Final Diagnosis -- Malignant Perineurioma


DIAGNOSIS

Malignant perineurioma (Malignant peripheral nerve sheath tumor with perineural differentiation).

DISCUSSION

The term malignant peripheral nerve sheath tumor (MPNST) is inclusive of any sarcoma arising from the peripheral nerve, in most cases from the Schwann cells but not only from them. It is a rare form of sarcoma (3-10%) (2) and those of perineurial origin are exceedingly uncommon (4,3). Histopathological diagnosis of MPNST may be difficult because of the extreme morphological variability of this tumor. Conventional MPNST usually focally expresses S100 protein. In the present case this was completely absent in both the sarcoma and the most differentiated areas. Although considered by some authors to be highly specific of perineurial cells, GLUT1 and EMA may be co-expressed also in other tumors (1). Therefore ultrastructural examination was necessary to show highly diagnostic features supporting the perineurial cell nature of the lesion.
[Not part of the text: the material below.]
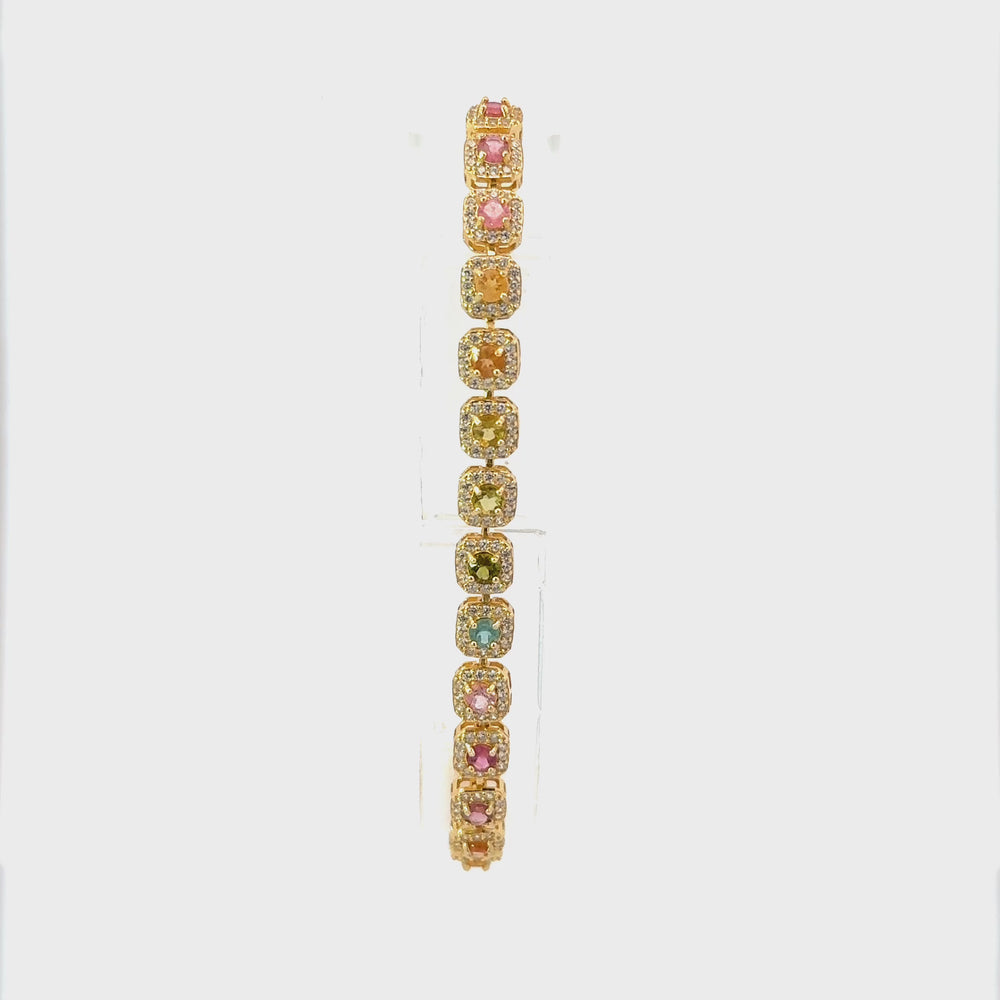 Add a splash of vibrant elegance to your collection with this stunning tennis bracelet. Featuring round-cut multicolored Tourmaline gemstones, each framed with a sparkling round-cut White Tourmaline halo, this piece radiates both color and sophistication.
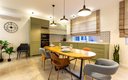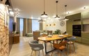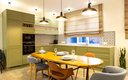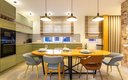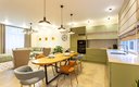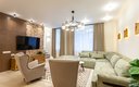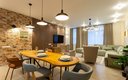Общая зона включает в себя светлую гостиную и столовую, где большой обеденный стол и мягкая мебель располагают к долгим вечерним разговорам. Кухня оснащена всем необходимым для полноценного приготовления пищи: от вместительного холодильника и плиты с духовым шкафом до посудомоечной машины, кофемашины и микроволновой печи, а беспроводной Wi-Fi позволяет оставаться на связи в любой точке апартаментов.

50-60% of MPNST cases are observed in patients with neurofibromatosis 1 and the risk of malignant transformation is higher in patients with deep neurofibromas. Another risk factor is represented by previous (4-40 years before) radiation exposure. In the present case the patient did not show any of the two risk factors but the malignant transformation of a benign perineurial tumor that had lasted about ten years.

Perineuriomas are benign peripheral nerve sheath tumors composed exclusively of perineurial cells, which surround individual nerve fascicles. They may be sclerosing (composed of cords of small epithelioid to spindle cells arranged in a dense collagenous stroma) or reticular, with anastomosing cords of elongated spindle cells, with lacy or reticular architecture. The malignant form has the same cytoarchitectural features but also hypercellularity, nuclear atypia, hyperchromasia and high mitotic rate.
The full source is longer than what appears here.